2. “Does Manuel v. State and its progeny apply to Texas Code of Criminal Procedure Article 44.47 to procedurally default appellant from raising claims upon revocation that he could have pursued on appeal from the order of deferred adjudication?”
The State accused 16-year-old Bell of engaging in delinquent conduct by committing aggravated robbery. The juvenile court waived its jurisdiction over Bell and transferred his case to criminal district court. There, he pleaded guilty and was placed on deferred. He did not appeal at that time. He violated his probation, and the district court found him guilty and sentenced him to 20 years.
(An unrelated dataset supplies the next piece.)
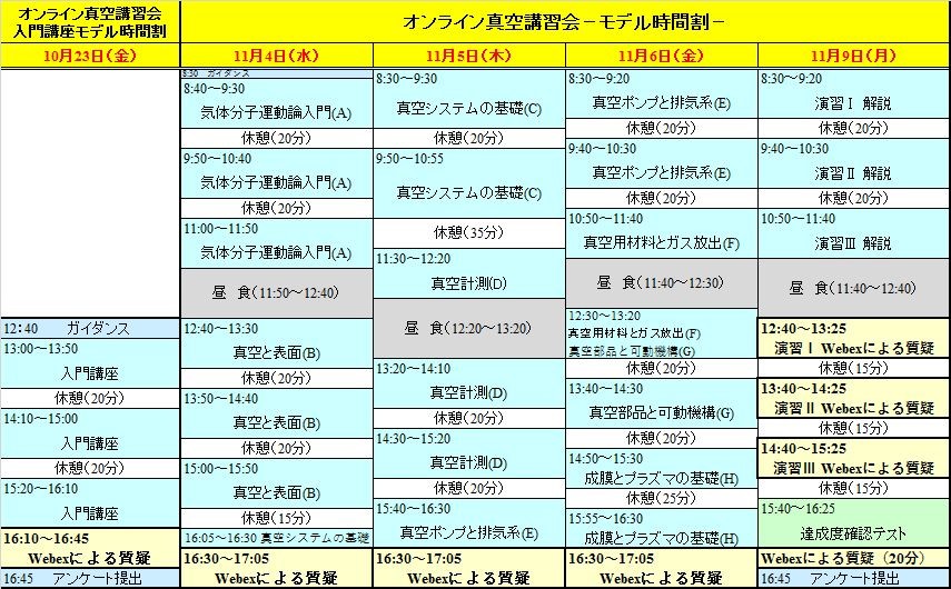 ※モデル時間割は変更になる場合があります。また、オンライン真空講習会入門講座は別途申し込みが必要です。
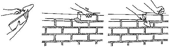 For stabilized compressed earth blocks, blocks should be pre-soaked, and the surface on which they are to be placed should also be moistened. The block should be "spread" with the right quantities of mortar on the sides to be bonded.

He appealed and argued that the juvenile court’s transfer order lacked the specific findings required under Moon v. State, 451 S.W.3d 28 (Tex. Crim. App. 2014), and thus was insufficient to transfer the proceedings. The State argued that the court of appeals lacked jurisdiction to reach the Moon claim because (1) Bell did not file a motion in bar of prosecution, required under Code of Criminal Procedure Art. 4.18, before claiming that the juvenile court did not waive jurisdiction; and (2) Bell failed to challenge the transfer order in an appeal immediately after being placed on deferred. The court of appeals rejected the State’s arguments, vacated the conviction, and remanded to the juvenile court for a new transfer hearing.
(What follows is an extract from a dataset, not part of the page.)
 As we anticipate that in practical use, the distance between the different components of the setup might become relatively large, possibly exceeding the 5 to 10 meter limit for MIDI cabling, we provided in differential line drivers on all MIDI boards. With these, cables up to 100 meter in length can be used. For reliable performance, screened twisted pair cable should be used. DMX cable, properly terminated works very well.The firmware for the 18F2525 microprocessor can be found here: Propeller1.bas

As to the first issue, it held that Art. 4.18(g) expressly exempts claims of defects in the discretionary transfer proceedings from the requirement of filing a motion in bar and that Art. 4.18 is further inapplicable here because the juvenile court did waive jurisdiction, it just abused its discretion in doing so (because of inadequate findings). As for the second issue, the court of appeals acknowledged that, under Manuel v. State, 994 S.W.2d 658 (Tex. Crim. App. 1999), issues relating to the original plea proceeding may be raised only in appeals taken when deferred is first imposed. Nevertheless, it held that this “background rule” did not govern because Article 44.47, which applies to appeals of juvenile transfer orders, specifically permitted such appeals either in an appeal of a conviction or a deferred adjudication order.
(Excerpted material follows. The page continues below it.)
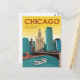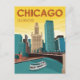 Retro Chicago Illinois travel poster illustration that features a a view of the Chicago River as a boat travels down the waterway with the Windy City's skyline in the background. This vintage design will bring back memories of classic travel posters from a bygone era.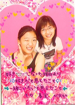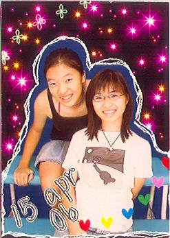 | lalalaas~ Saturday, April 15, 2006, 7:46 PM       yeah i think you all noe wad i did today. LOL. bck on the laptop again. since bro isnt hoggin it, he's slping.. and the damn full stop button isnt workin vehhh well. damn it. blahs. and the l button is missing, so i hab to lik press hard on the damn thingy. but wadever. anywayy..... mum cut my hair today. aft.. breakfast at central. bought a new handphone casing again. ITS TRANSPARENT! YAY.. and i think my bloggin style changed.. maybe jus for this post. no idea why. oh well. to cont.. she took lik 1 hr+ to cut it. =.= den weiting wanted me to go out.. den was askin my mum. she say cann, aft she cut finish my hair AND shower. so, weiting wanted to me to reach at toa payoh at 145. my mum FINISHED cuttin my hair at 145. dots. so called her blah blah. showered. changed and rched ther almost at 3. hah. so set off for orchard. went to kino firs. i bought my er mo xie zhen shu! w00t. den went to heeren. withdrew money and crapped alot. smtg abt lesbians. *wink* hahahaaaa. ONLY a certain few ppl noe.. lalalaas` bought new socks for myself. 2 pairs. COMFY. from mini toons. beige and pink. haha. thers paddin on the bottom. niceee~ aft that, took the neoprints. den went bck to taka and bought takopachi and bubble tea. yumm. was deciding between bubble tea and ice cream. chose bubble tea in the end. kinda regretted. lols. oh well. nvm. shall drag weiting AND darren to orchard nxt tym for .. smtg. LOL. only weiting noes. muahahahha. x) den aft that, went hme. so yeah, scanned the neoprints in and blogged. =) | |||

The State contends that Art. 4.18 requires a motion in bar because, contrary to the court of appeals’s finding, Bell alleged more than a mere defect in the transfer proceedings; he alleged the order failed to confer jurisdiction on the criminal court. The State also argues that to the extent that Bell raised a non-jurisdictional defect claim, Manuel and its progeny bar such a claim. It is not simply a “background rule” that could be made inapplicable by a specific statute. Under Family Code § 54.02(h), once certified as an adult, Bell is subject to all the procedures applicable to adults—and that includes the rule, arising out of Art. 42.12 and Rule of Appellate Procedure 26.2(a)(1), that he cannot wait until after revocation to appeal the decision that placed him on community supervision.